This juice now has body, balance and booze! My WIP recipe is below. Next I shall try it with 1% FA Meringue in place of the NF Malt.

*TENNESSEE FIRE*
TFA Cinnamon Red Hot 4.0 %
FA Brandy 1.0 %
FA Whiskey 1.0 %
FA Butterscotch 1.0 %
FLV Rich Cinnamon 0.5 %
NF Malt 0.5 %
TFA Brown Sugar 0.5 %
TFA Toasted Marshmallow 0.5 %

Total flavour: 9.0 %
*EDIT*: A better version below.

Reactions: Like 4 | Winner 4


----------



## RichJB

That's looking good, @Andre. Clyrolinx also makes a Malt which is decent although I don't know if it will sub well for the NF.

Reactions: Like 2


----------



## Silver

@Andre that sounds awesome!!!

Reactions: Like 2


----------



## Hardtail1969

@Andre, sounds awesome. Cant wait to have all the goodies to make this

Sent from my SM-A700FD using Tapatalk

Reactions: Like 2


----------



## Andre

Hardtail1969 said:


> @Andre, sounds awesome. Cant wait to have all the goodies to make this
> 
> Sent from my SM-A700FD using Tapatalk


I am still tweaking it and shall report as I go along. Thus, regard the above recipe as work in progress - not bad, but not as good as can be.

Reactions: Like 2


----------



## Andre

Made 6 more versions of Tennessee Fire. Blind tasting of those and the other version above yesterday evening. Taking sips of the real liqueur in between. Tasting team: HRH, DIL and yours truly.

*A. THE CLOSEST*
General consensus that this one is the closest to the real Jack Daniels Tennessee Fire

TFA Kentucky Bourbon 6.0 % (FA Whiskey at 3 % can be substituted)
TFA Cinnamon Red Hot 4.0 %
FA Butterscotch 1.0 %
FLV Rich Cinnamon 0.5 %
NF Malt 0.5 % (FA Meringue at 1 % can be substituted)
TFA Brown Sugar 0.5 %
TFA Toasted Marshmallow 0.5 %

*B. THE BEST*
This one not as close to the real McCoy, but a more nuanced base for the Cinnamon.
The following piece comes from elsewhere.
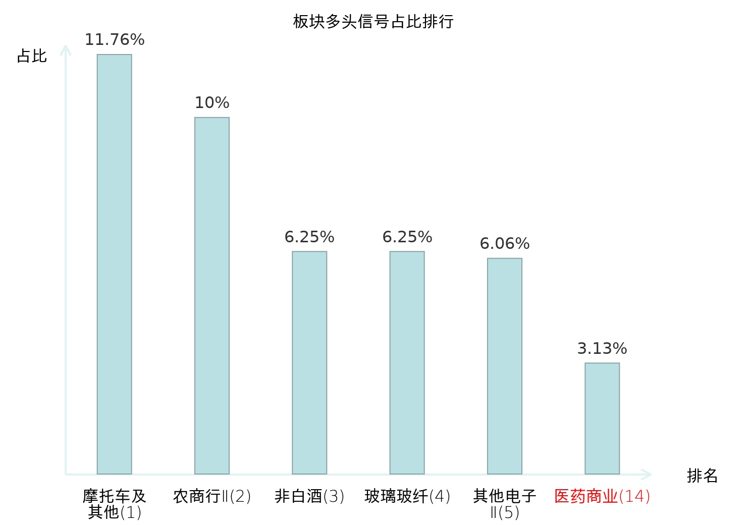 全市场所有行业板块中主力多头信号占比排名中,摩托车及其他板块位居第一。摩托车及其他板块名次提升最快,较昨日上升91位。
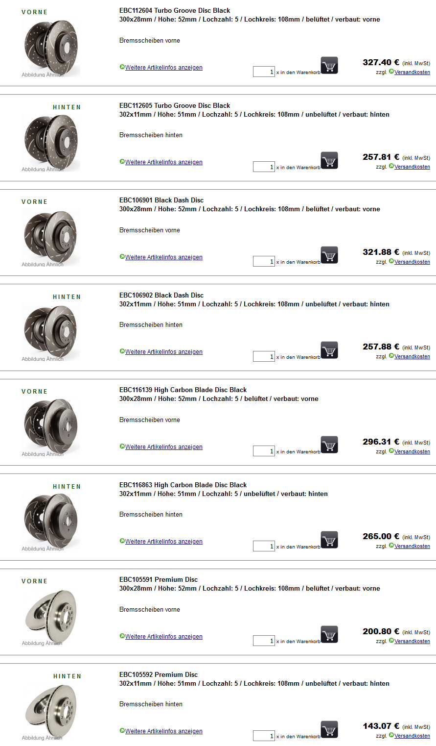 • Ich fahre seit Jahren ausschließlich Original Ford (also FoMoco und nicht das qualitativ minderwertige Motorcraft-Klumb) und bin eigentlich zufrieden. Ja, es kostet gut doppelt so viel wie Brembo, Zimmermann, aber sooo oft muss das ja auch nicht neu.

This is basically HIC's Black Barrel Whiskey Mac (Whiskey a bit higher than in the original) to which Cinnamon has been added. A 2 in 1, for this juice without the Cinnamon is awesome by itself. It ages beautifully. 

TFA Red Hot Cinnamon 4.0 %
FA Oak 1.0 %
FA Coconut 1.0 %
FA Whiskey 1.0 %
FA Brandy 0.5 %
FA Vanilla Bourbon 0.5 %
FA Vienna Cream 0.5 %
FA Marzipan 0.5 %
FA Cardamom 0.5 %
TFA Brown Sugar 0.5 %

Both benefit from a 2 to 3 day steeping.

Enjoy!

Reactions: Like 6 | Winner 3


----------



## Huffapuff

Andre said:


> Made 6 more versions of Tennessee Fire. Blind tasting of those and the other version above yesterday evening. Taking sips of the real liqueur in between. Tasting team: HRH, DIL and yours truly.
> 
> *A. THE CLOSEST*
> General consensus that this one is the closest to the real Jack Daniels Tennessee Fire
> 
> TFA Kentucky Bourbon 6.0 % (FA Whiskey at 3 % can be substituted)
> TFA Cinnamon Red Hot 4.0 %
> FA Butterscotch 1.0 %
> FLV Rich Cinnamon 0.5 %
> NF Malt 0.5 % (FA Meringue at 1 % can be substituted)
> TFA Brown Sugar 0.5 %
> TFA Toasted Marshmallow 0.5 %
> 
> *B. THE BEST*
> This one not as close to the real McCoy, but a more nuanced base for the Cinnamon. This is basically HIC's Black Barrel Whiskey Mac (Whiskey a bit higher than in the original) to which Cinnamon has been added. A 2 in 1, for this juice without the Cinnamon is awesome by itself. It ages beautifully.
> 
> TFA Red Hot Cinnamon 4.0 %
> FA Oak 1.0 %
> FA Coconut 1.0 %
> FA Whiskey 1.0 %
> FA Brandy 0.5 %
> FA Vanilla Bourbon 0.5 %
> FA Vienna Cream 0.5 %
> FA Marzipan 0.5 %
> FA Cardamom 0.5 %
> TFA Brown Sugar 0.5 %
> 
> Both benefit from a 2 to 3 day steeping.
> 
> Enjoy!



Amazing work Andre! I look forward to giving this one a try.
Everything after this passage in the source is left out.